Researcher should come with effective quarantine methods to prevent the entry of foreign pathogens across border and forming a global consortium could address these plant protection issues effectively, Secretary, Department of Agricultural Research & Education and ICAR Director General, Dr Trilochan Mohapatra said.

Mohapatra was speaking after inaugurating XII Pathology Workshop of the International Society of Sugarcane Technologists (ISSCT) Association, jointly hosted by ICAR-Sugarcane Breeding Institute and Society for Sugarcane Research and Development, here.

Dr Mohapatra suggested GIS tagging of field gene banks and identifying traits in the germplasm in order to utilize them in the breeding programmes.
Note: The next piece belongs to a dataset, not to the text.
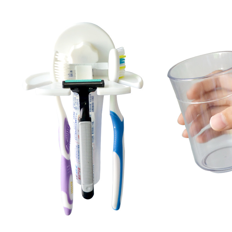 Meike creative wall-mounted suction cup paste toothbrush holder multi-functional mouthwash cup shelf suction wall-type toothpaste storage rack
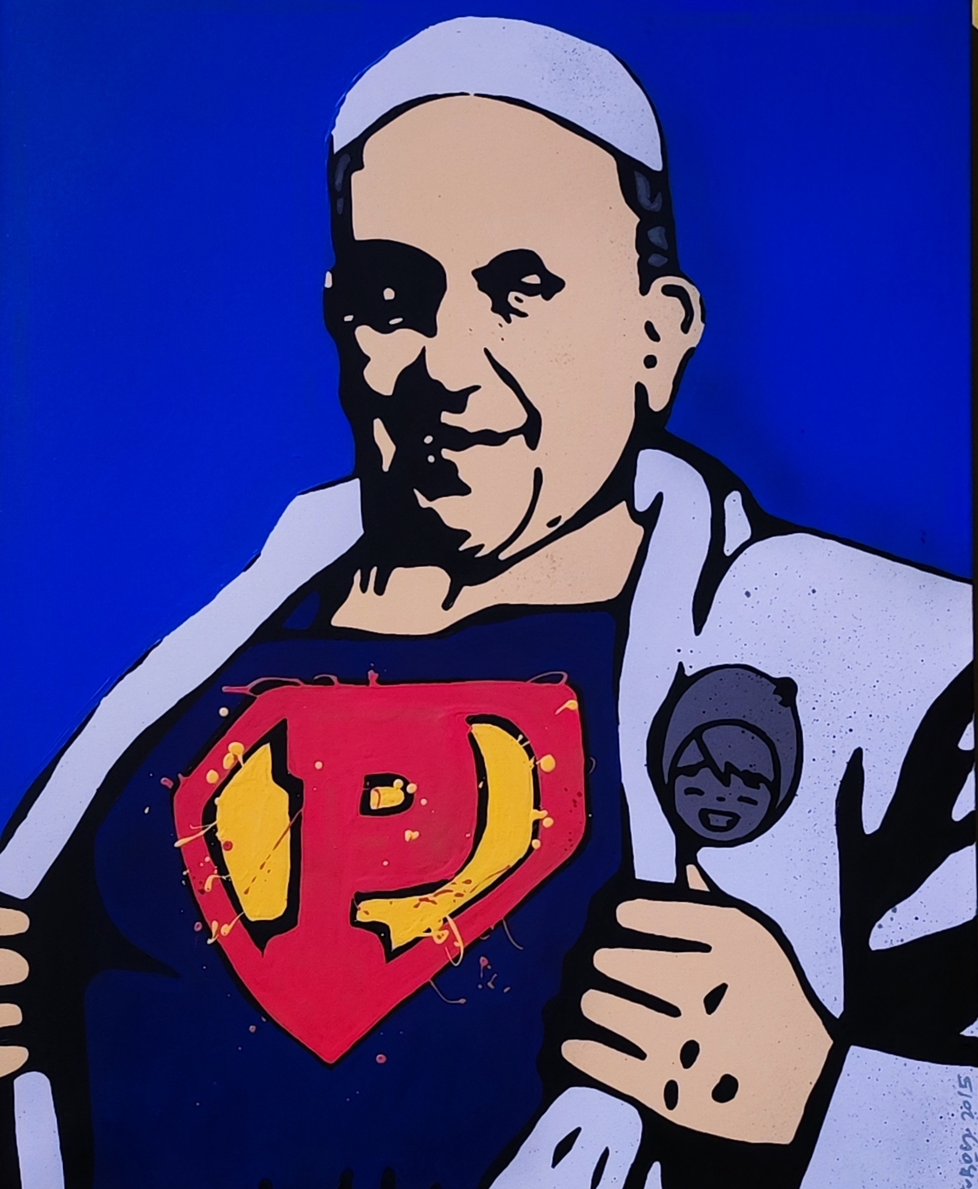 TvBoy invece preferisce Papa Francesco e lo rappresenta come fosse un Superman.

Congratulating the Institute for playing a major role in the country’s ‘sweet revolution’ with its major varieties such as Co 0238 and Co 86032, Dr. Mohapatra said that the sugar production this year of about 32 million tonnes has paved way for a change in ethanol policy, which is a significant development.
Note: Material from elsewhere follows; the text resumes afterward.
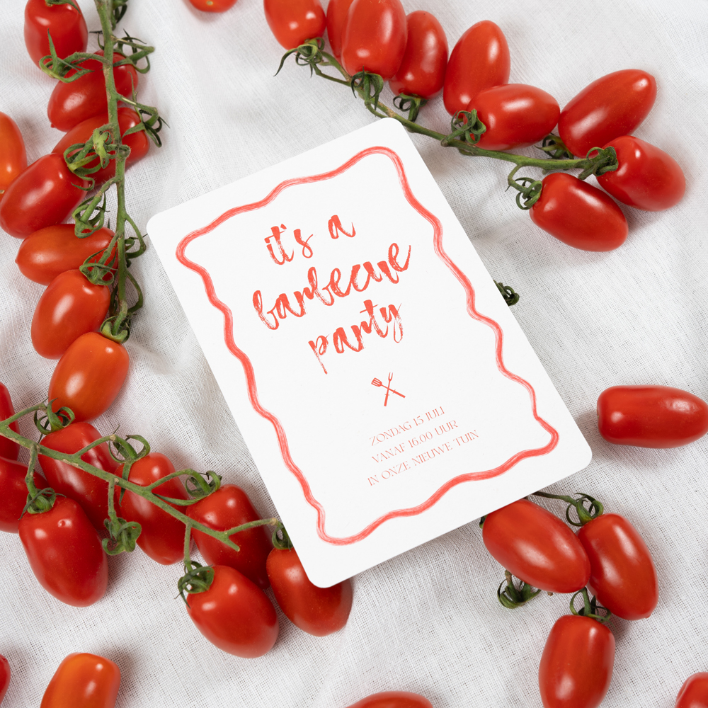 Tuinfeestje of housewarming op de planning? Nodig jullie familie en vrienden uit met deze hippe BBQ-uitnodigingskaart!

Mentioning that this is the first time this Workshop is being held in India, ISSCT Executive committee Chair, Dr Philippe Rotte of University of Florida said that ISSCT is a global organization with its headquarters at Mauritius.

The society has been in existence for 93 years during which it had organized 29 Congresses, usually at 3-year intervals. Between the two Congresses, it organizes Workshops of different sections to facilitate participation and interaction of the host country scientists with the global experts, he said.

Tamil Nadu Agricultural University vice-chancellor Dr K Ramasamy said that an integrated approach is needed among breeders and pathologists to contain major diseases in sugarcane such as red rot and smut.

Taking the cue from Australia and Indonesia, Indian researchers need to shift their focus towards enhancing resistance to diseases such as smut and manage them, he said.

The theme of the 5-day workshop, is “Challenges and Advances in Sugarcane Pathology-A key to resolve emerging issues and to formulate innovative disease management strategies” and over 50 delegates, including 25 foreign ones, representing different sugarcane growing countries across the world are participating.